With the view of considering diseases of the joints under every aspect, M. Bonnet divides the work into three parts. The first part is devoted to diseases of the joints in general, and is divided into four chapters :Pathological Anatomy, Etiology, Diagnosis, and Treatment. The second treats of the several kinds of diseases to which joints are liable. And in the third are considered the special characters and treatment of those several diseases as they occur in each particular joint. This arrangement, whatever may be its advantages, has the inconvenience of leading to frequent repetitions, and as frequently severing matter which would be much better continuously embodied.
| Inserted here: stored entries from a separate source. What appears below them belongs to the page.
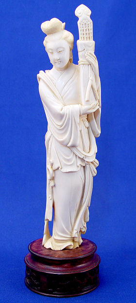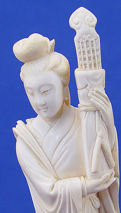 CHINESE CARVED IVORY FIGURE: Woman musician with a quan, carved from a tusk . 9''h, on a carved 1 1/2'' base.
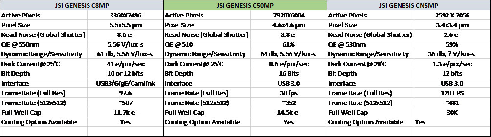 JSI is now offering sCMOS 5 Megapixel, 8 Megapixel, 50 Megapixel and the new 120 Megapixel Cameras the Scientific and Fast imaging industries. Available in a non-cooled or cooled packaging. Please contact us for more information.
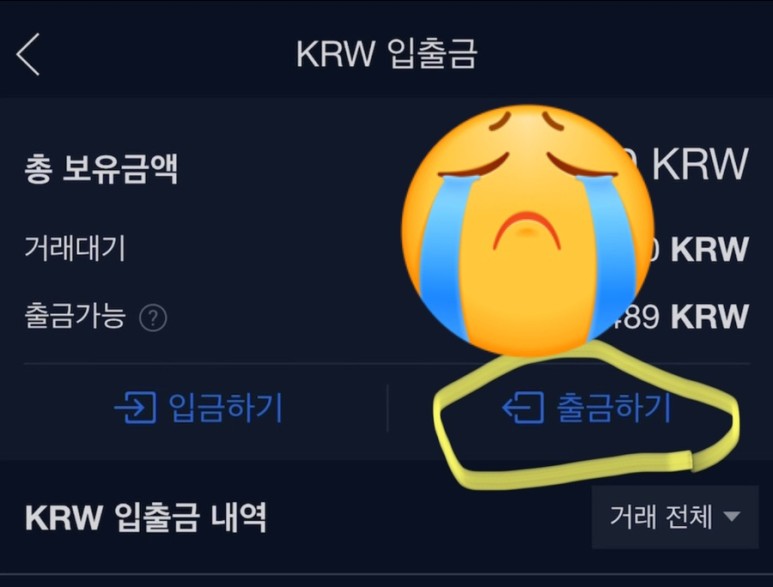 KRW 입출금에서 출금하기를 누릅니다.

We may here observe that M. Bonnet limits himself to the consideration of what he terms "vital disease," -"organic alterations of the joints." "Traumatic lesions," however, "such as sprains, contusions, and wounds, are studied, but chiefly in their relations to the pain, inflammation, and abcesses which they may cause." (vol. xi. p. 1.) The history of fractures and dislocations of the joints, and of those deformities which are not consecutive to diseases of the articulations, such as club-foot, congenital luxations and lateral curvature of the spine, is omitted to avoid extending the work to three volumes.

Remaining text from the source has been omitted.